## ASSIGNMENT
Give back, word for word, only the lines from the opening of the records through the one with "雨樋は紫外線や風雨にさらされ". Pictures stay out.

## PROVIDED DATA

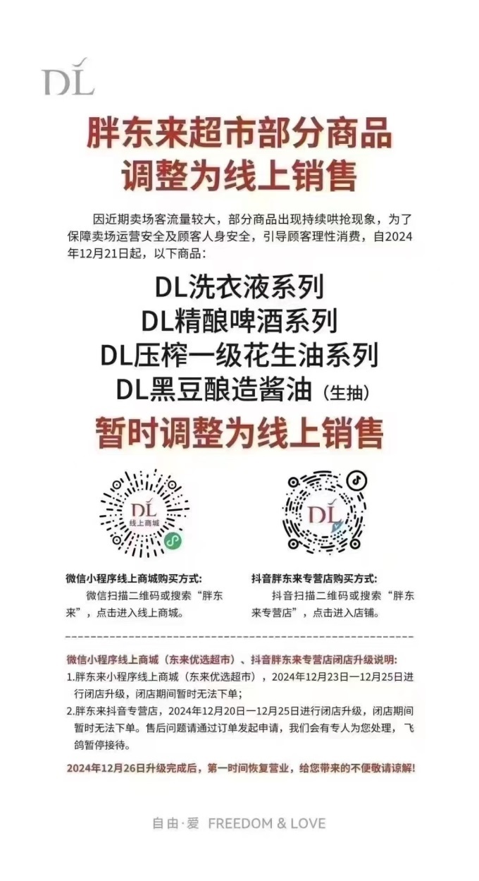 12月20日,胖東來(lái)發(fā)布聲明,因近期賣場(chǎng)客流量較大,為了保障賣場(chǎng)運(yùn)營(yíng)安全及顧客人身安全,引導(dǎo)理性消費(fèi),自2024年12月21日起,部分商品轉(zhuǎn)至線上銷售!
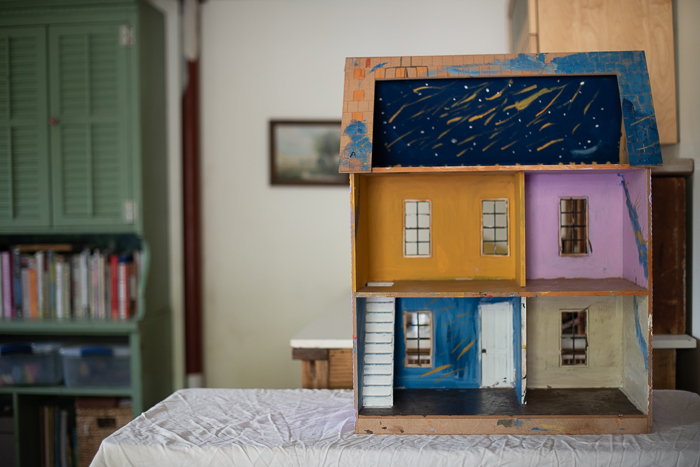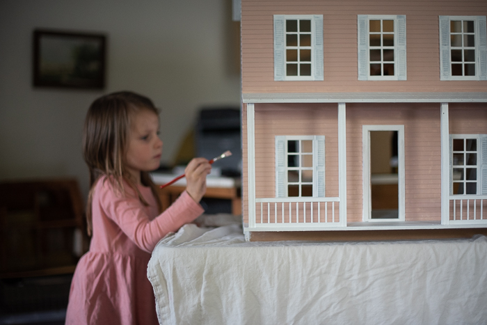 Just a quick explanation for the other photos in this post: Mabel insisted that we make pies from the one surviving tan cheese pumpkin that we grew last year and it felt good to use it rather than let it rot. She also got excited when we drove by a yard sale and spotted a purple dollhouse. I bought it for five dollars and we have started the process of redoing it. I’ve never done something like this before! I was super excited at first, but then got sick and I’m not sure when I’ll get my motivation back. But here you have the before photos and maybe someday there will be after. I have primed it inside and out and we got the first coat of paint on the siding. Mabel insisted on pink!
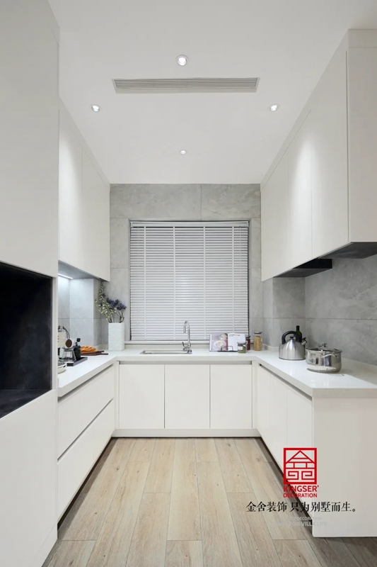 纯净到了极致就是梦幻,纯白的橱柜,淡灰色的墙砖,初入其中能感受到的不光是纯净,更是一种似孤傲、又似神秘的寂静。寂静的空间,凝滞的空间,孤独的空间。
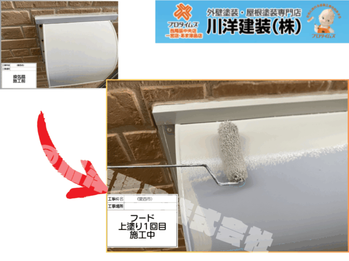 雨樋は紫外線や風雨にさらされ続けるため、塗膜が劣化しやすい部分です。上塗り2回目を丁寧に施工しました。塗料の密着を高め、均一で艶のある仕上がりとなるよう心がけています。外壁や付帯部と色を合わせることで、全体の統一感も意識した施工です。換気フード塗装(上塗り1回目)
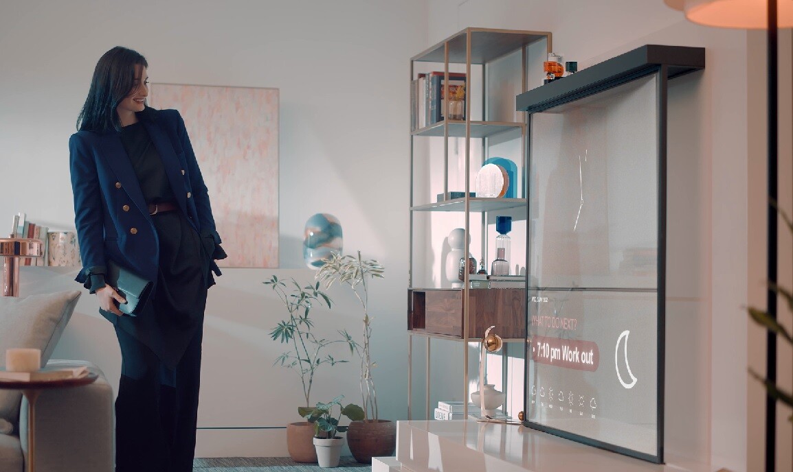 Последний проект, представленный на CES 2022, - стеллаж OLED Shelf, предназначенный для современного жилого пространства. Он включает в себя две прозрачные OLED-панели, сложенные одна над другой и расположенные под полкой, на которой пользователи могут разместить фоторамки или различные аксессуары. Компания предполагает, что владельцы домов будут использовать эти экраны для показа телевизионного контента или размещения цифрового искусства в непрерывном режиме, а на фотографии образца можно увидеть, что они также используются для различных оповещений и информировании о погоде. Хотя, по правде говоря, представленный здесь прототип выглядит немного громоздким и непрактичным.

## WRITTEN RESPONSE
 12月20日,胖東來(lái)發(fā)布聲明,因近期賣場(chǎng)客流量較大,為了保障賣場(chǎng)運(yùn)營(yíng)安全及顧客人身安全,引導(dǎo)理性消費(fèi),自2024年12月21日起,部分商品轉(zhuǎn)至線上銷售!
 Just a quick explanation for the other photos in this post: Mabel insisted that we make pies from the one surviving tan cheese pumpkin that we grew last year and it felt good to use it rather than let it rot. She also got excited when we drove by a yard sale and spotted a purple dollhouse. I bought it for five dollars and we have started the process of redoing it. I’ve never done something like this before! I was super excited at first, but then got sick and I’m not sure when I’ll get my motivation back. But here you have the before photos and maybe someday there will be after. I have primed it inside and out and we got the first coat of paint on the siding. Mabel insisted on pink!
 纯净到了极致就是梦幻,纯白的橱柜,淡灰色的墙砖,初入其中能感受到的不光是纯净,更是一种似孤傲、又似神秘的寂静。寂静的空间,凝滞的空间,孤独的空间。
 雨樋は紫外線や風雨にさらされ続けるため、塗膜が劣化しやすい部分です。上塗り2回目を丁寧に施工しました。塗料の密着を高め、均一で艶のある仕上がりとなるよう心がけています。外壁や付帯部と色を合わせることで、全体の統一感も意識した施工です。換気フード塗装(上塗り1回目)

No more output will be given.